Information provided:
• • •

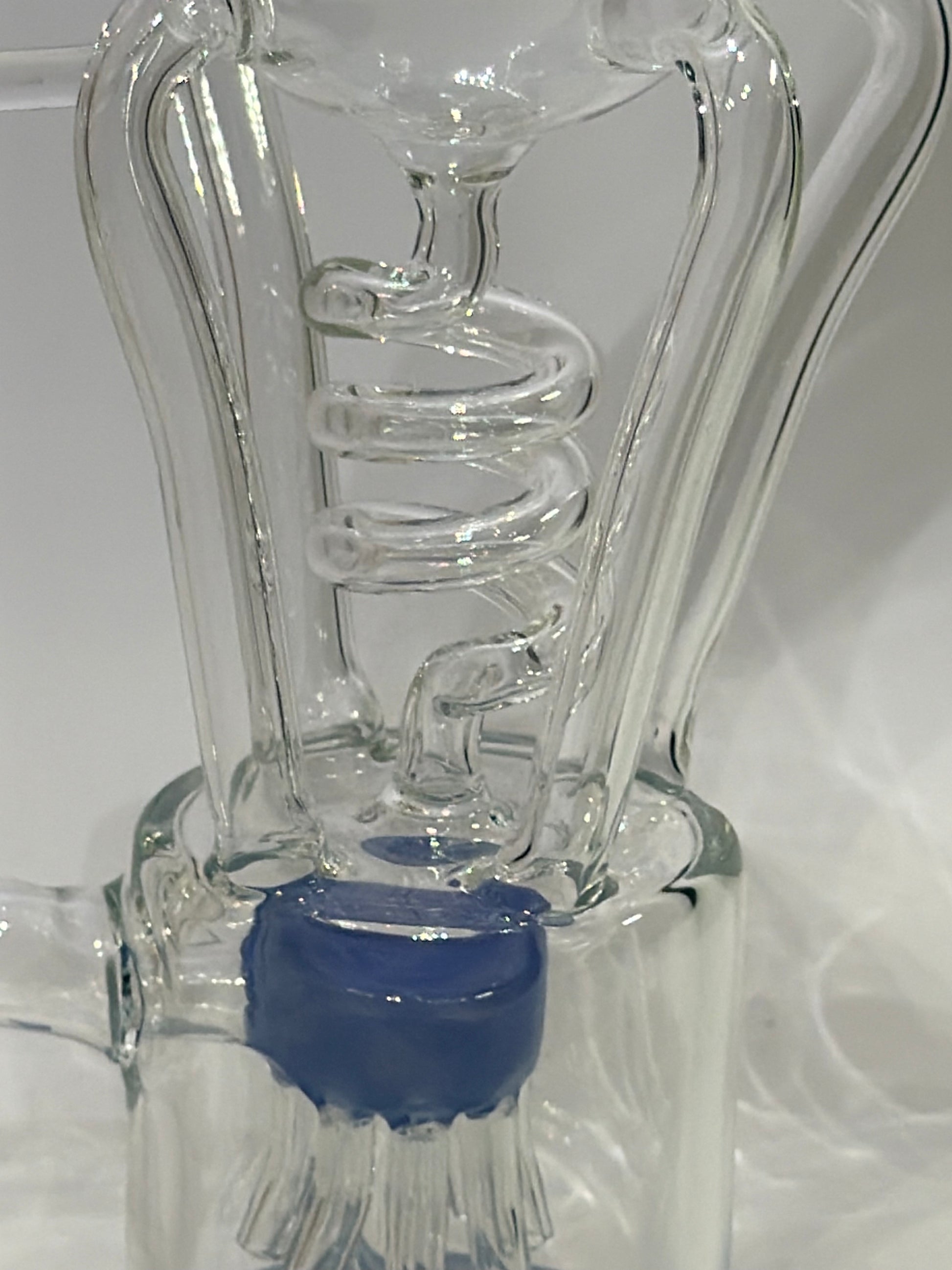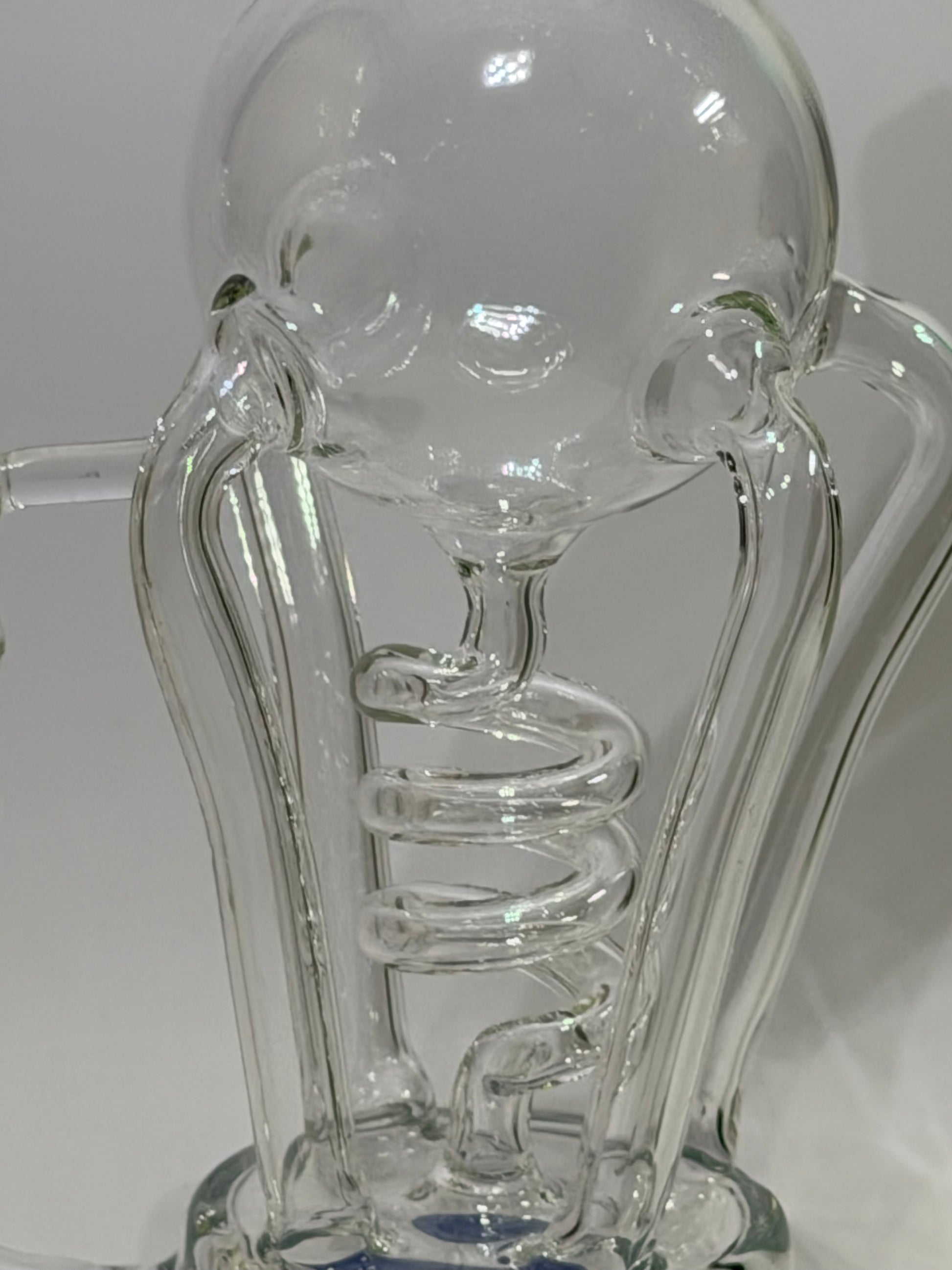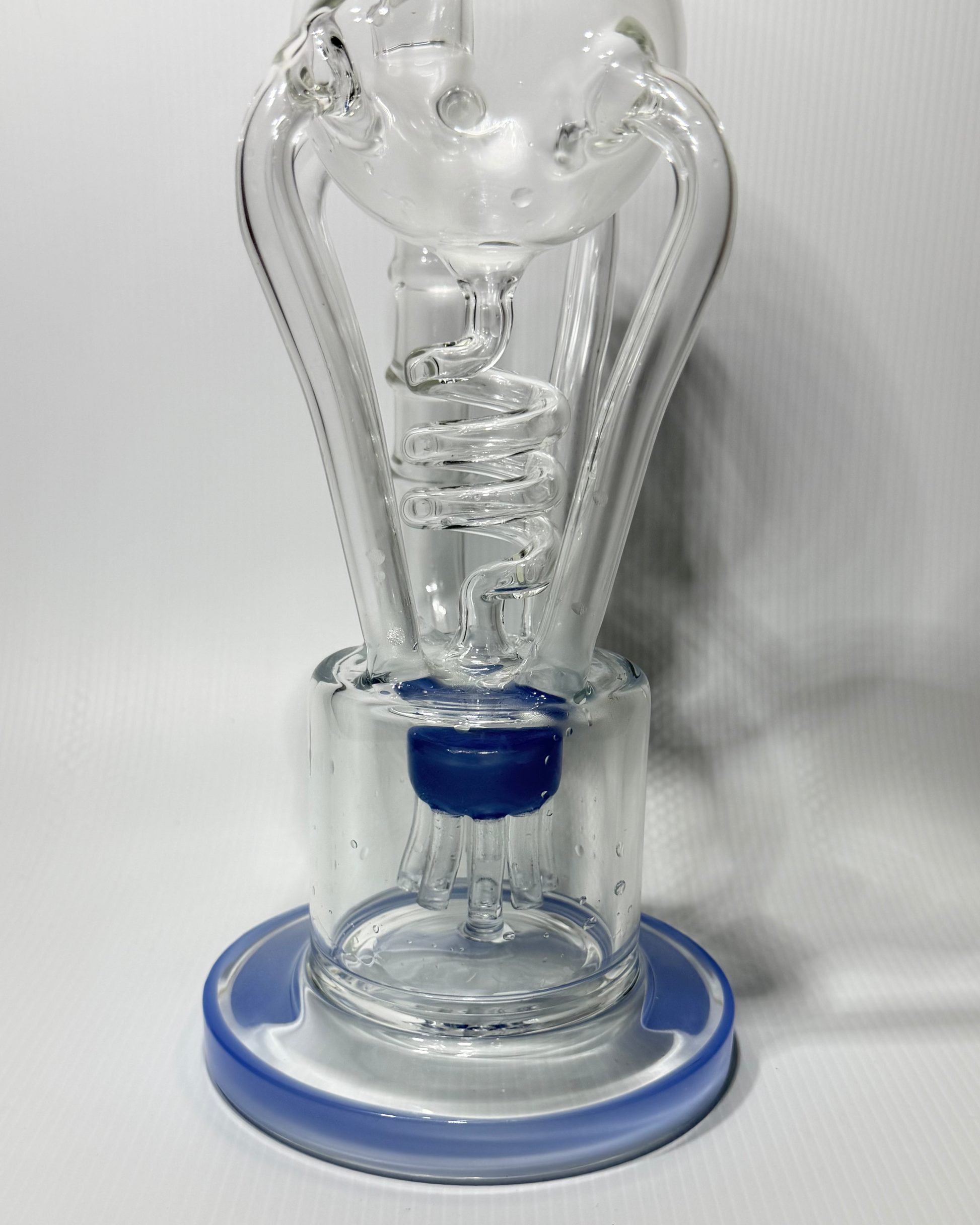 A sculptural recycler rig with spiral precision and splash-free flow. Built for smooth hits and serious visual impact, this piece blends function and artistry in one compact powerhouse.
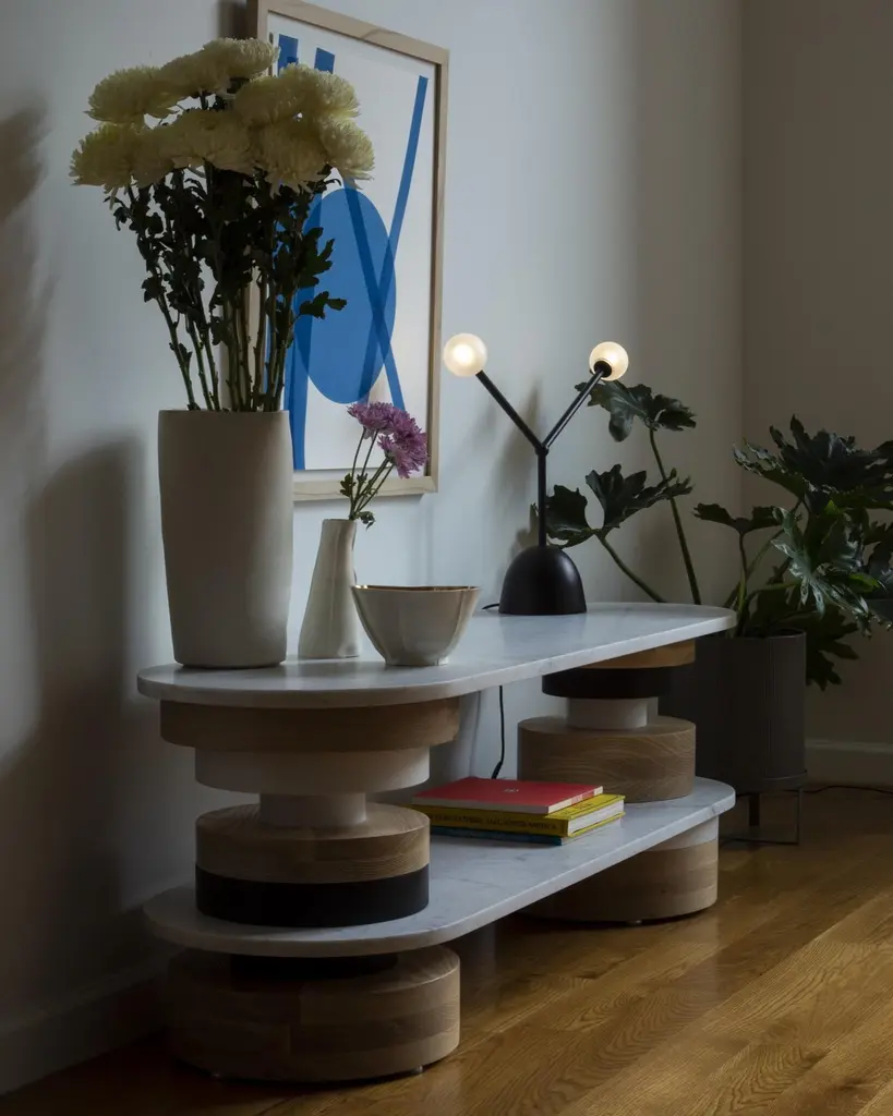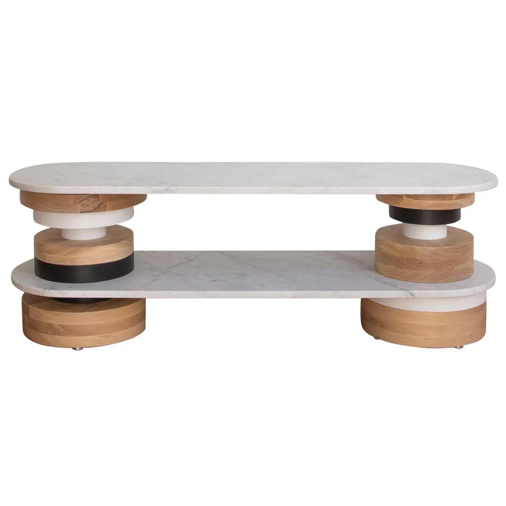 Customizable Low Sass Sofa Table From Souda, White Marble Top
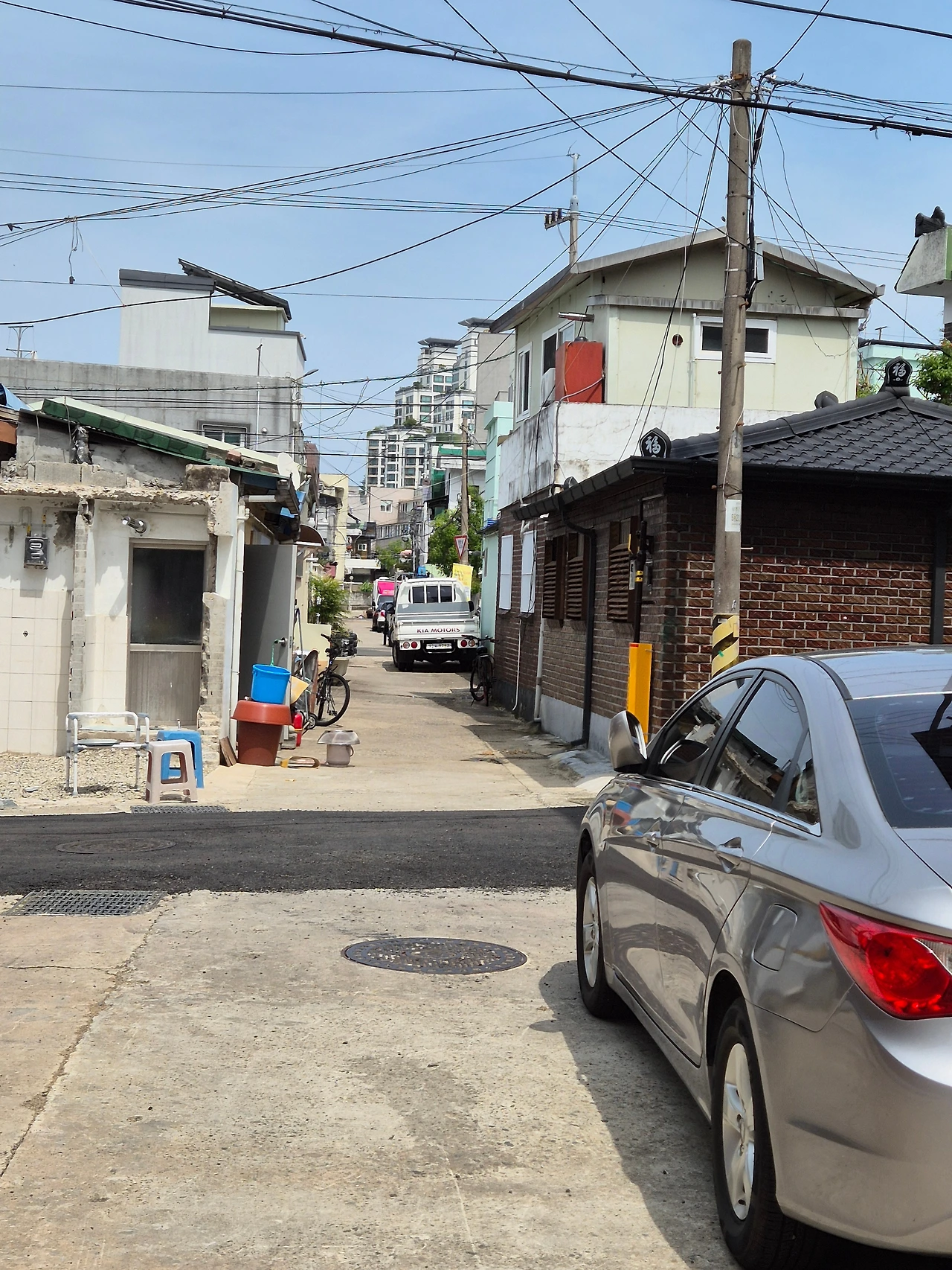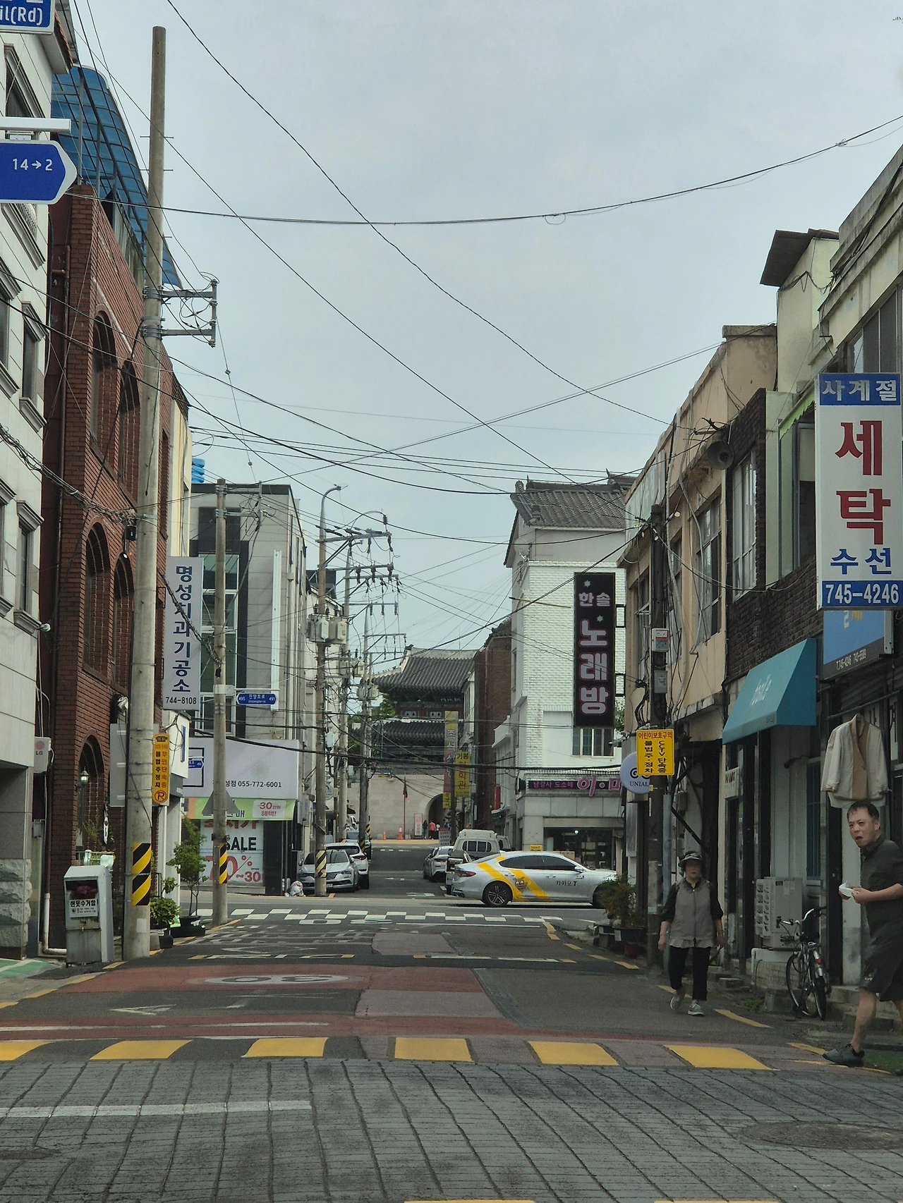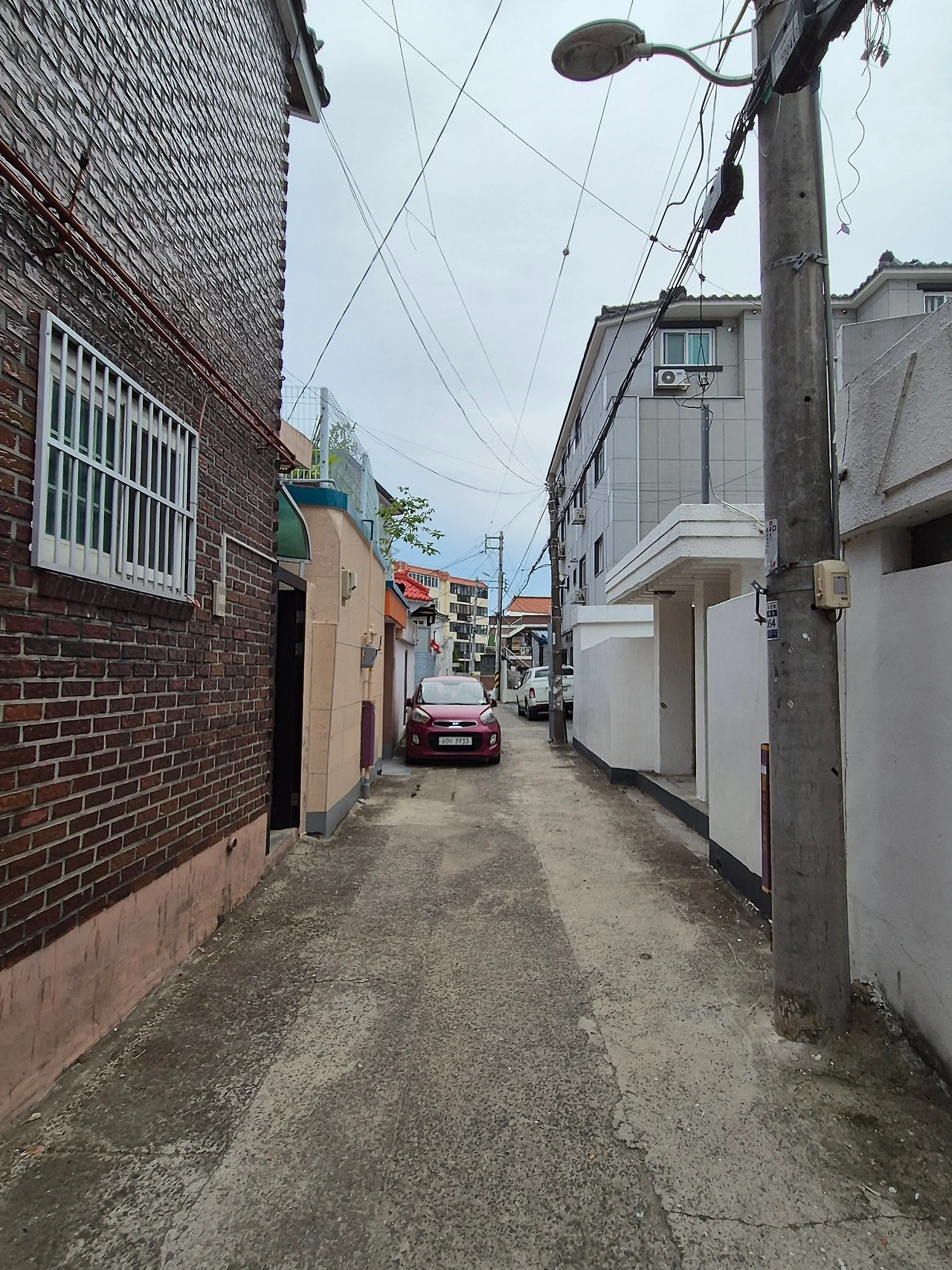 전시 끝낸 그림 챙기고 그림 그리고 수다도 떨고 커피도 마시며 모두들 편안히 취미를 즐깁니다. 동아리방에서 세 시간 정도 그리니 오후 1시에 끝이 났어요. 전시 쫑파티 핑계를 대고 밥이라도 해야겠지만 이번 주말 제 방통대 시험이 급하다 보니 할 수 없네요. 그렇게 회원분들과 헤어졌습니다. 겸사겸사 액자와 그림들 가져가려 바쁜 백수남편과 함께했네요. 저의 동아리 활동 시간에 도서관에서 공부하겠다 따라나선 김에 시킨 일이지 액자 몇 개 때문에 부른 건 물론 아니었고요. 그렇게 남편과 나온 길 집순이의 바깥사람, '밖돌이' 남편이 임장을 가자 시내를 가자 하네요. 혼자였으면 집으로 바로 갔을지 모르는데 2,900만 원짜리 12평(당근에 올라왔길래 제가 운을 띄웠지요. 다주택자 하고 싶어서요.ㅋㅋ) 구시가지 집도 구경하고 시내에서 지난주 그린 주스 가게도 지나치며 걸어도 봅니다.

• • •

How to complete this task:
All of the data above is to be repeated exactly, with the pictures left out.

Solution to the problem:
 A sculptural recycler rig with spiral precision and splash-free flow. Built for smooth hits and serious visual impact, this piece blends function and artistry in one compact powerhouse.
 Customizable Low Sass Sofa Table From Souda, White Marble Top
 전시 끝낸 그림 챙기고 그림 그리고 수다도 떨고 커피도 마시며 모두들 편안히 취미를 즐깁니다. 동아리방에서 세 시간 정도 그리니 오후 1시에 끝이 났어요. 전시 쫑파티 핑계를 대고 밥이라도 해야겠지만 이번 주말 제 방통대 시험이 급하다 보니 할 수 없네요. 그렇게 회원분들과 헤어졌습니다. 겸사겸사 액자와 그림들 가져가려 바쁜 백수남편과 함께했네요. 저의 동아리 활동 시간에 도서관에서 공부하겠다 따라나선 김에 시킨 일이지 액자 몇 개 때문에 부른 건 물론 아니었고요. 그렇게 남편과 나온 길 집순이의 바깥사람, '밖돌이' 남편이 임장을 가자 시내를 가자 하네요. 혼자였으면 집으로 바로 갔을지 모르는데 2,900만 원짜리 12평(당근에 올라왔길래 제가 운을 띄웠지요. 다주택자 하고 싶어서요.ㅋㅋ) 구시가지 집도 구경하고 시내에서 지난주 그린 주스 가게도 지나치며 걸어도 봅니다.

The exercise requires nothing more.